Among various theories applicable for law-making, the ideas of naturalism and positivism are often referred to. The concept of natural law is probably as ancient as 2500-year-old. According to the natural law theorists, there are certain objectives and absolute principles of morality and justice which should be the bases of laws. Moreover, both law and morality should coincide. In this modern sophisticated era of civilised nations encountered with two world wars, the natural law theorists are not given as much valor as was given basically during Renaissance and the period of Enlightenment.
On the other hand, in case of positivism, law is seen as an expression of volition. The legislature, being a legitimate source of authority in the State, is able to secure a readier and more unquestioning obedience than any other source of social or moral rules. But jurists raise questions against this theory due to its strong adherence to coercive orders irrespective of morality. Practically, none of the above theories is befitting in all situations. But their dilution with each other by the legislature while enacting laws is believed to be helpful in creating a balanced relationship between the ruler and the ruled of a concerned State. Quite a few countries of the world tend to enact laws keeping the aroma of these theories side by side. Developing countries like Bangladesh, Pakistan, Nigeria, Myanmar, etc. are the glaring examples of pendulum democracy where strong adherence to positivism in their laws can be easily found.
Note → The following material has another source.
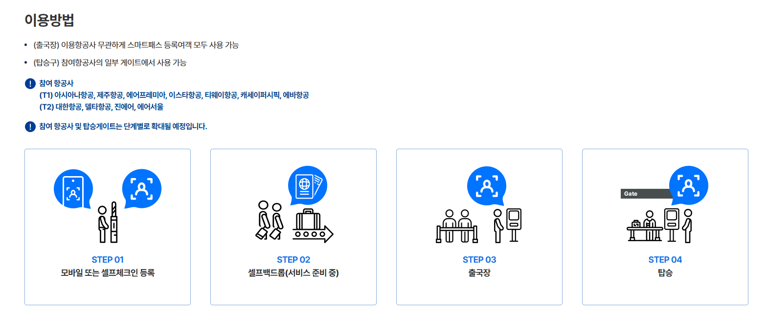 스마트패스는 출국 절차를 간소화하는 안면 인식 시스템일 뿐, 여권과 탑승권을 대체하는 신분증이나 여행 서류가 아닙니다. 공항 및 항공사 정책에 따라 보안 검색 및 탑승 시 직원이 여권 또는 탑승권 제시를 요구할 수 있습니다. 수하물에 넣지 말고, 출국하는 순간까지 여권과 탑승권은 반드시 직접 소지해야 합니다.

Except for a few reputed instances, most of the rulers have kept a deep confidence in positivism for the making of laws. Such instance of the one-sided adherence to positivism is poignant in the Constitution of Bangladesh. For example, Article 55(2) exhibits unbridled power of the Prime Minister, when it states that “the executive power of the Republic shall […] be exercised by or on the authority of the Prime Minister.” As per Article 48, the President despite being 'Head of the State' has to take advice in the exercise of all his functions from the Prime Minister who is basically Head of the government.
Article 70 enumerates a flouting psychological camouflage among the parliamentarians in depicting their representation in the fullest sense. The appointment of the Chief Justice along with other Judges in both Divisions of the Supreme Court under Article 95 and 98 respectively portrays the widespread exercise of positivistic executive-led approach. Article 123 stipulates questions on legitimacy and sustainability to Bangladeshi democracy by obscured election time and procedure. The judicial-executive led turmoil centering around the 16th amendment judgment also evinces the imbalance between two organs of the State. Surprisingly, the above provisions are justified by reference to the similar enactments in the strongest democracies like USA, India, Australia, etc.
Similarly, provisions of fundamental rights are blended with both positivism and naturalism. Under the shadow of “reasonable restrictions”, the positivistic attitude of the rulers is apparent. As a result, the essence of natural law within the spirit of fundamental rights gets lost somewhere due to the over indulgence of the autocratic inclination. Article 33 is self-explanatory, because of which a person cannot claim any fundamental rights, if and when he is detained following the provisions of the Special Powers Act,1974. Likewise, other subordinate legislations enacted since 1972 till to date have been alleged to have been passed following extreme positivistic ethos. For instance, section 11(c) of the Suppression of Oppression Against Women and Children Act, 2000 exposes positivistic leaning of the parliament in law-making. Here, the parliament has left no place for the judges to exercise their inherent powers based on the facts and circumstances of any specific case. Thus, following the necessity of applying the 'inherent power' principle, the High Court Division in BLAST and Another v Bangladesh (2011) 63 DLR (HCD)10 declared the mandatory punishment provisions to be invalid and unconstitutional. The Child Marriage Restraint Act, 2017 (specially section19) also depicts the positivistic outcome of the parliament even living within the realm of 'constitutionalism' and 'conventional democracy'.
There is no denying that the parliament makes laws and policies for the need of society and its people living in the State. The case of Bangladesh, however, suggests that there is an existence of sheer biasness to the idea of positivism in the process of law-making which is often devoid of people's participation and consultation. This happens mainly because of the authoritarian character of the State where the greater power is mostly centralised and monopolised in the hands of a few. From this perspective, it is to argue that a harmonious co-existence of naturalism and positivism is necessary during enacting new laws and amending or repealing old ones.
The writer is a Lecturer, Department of Law and Justice, North East University Bangladesh.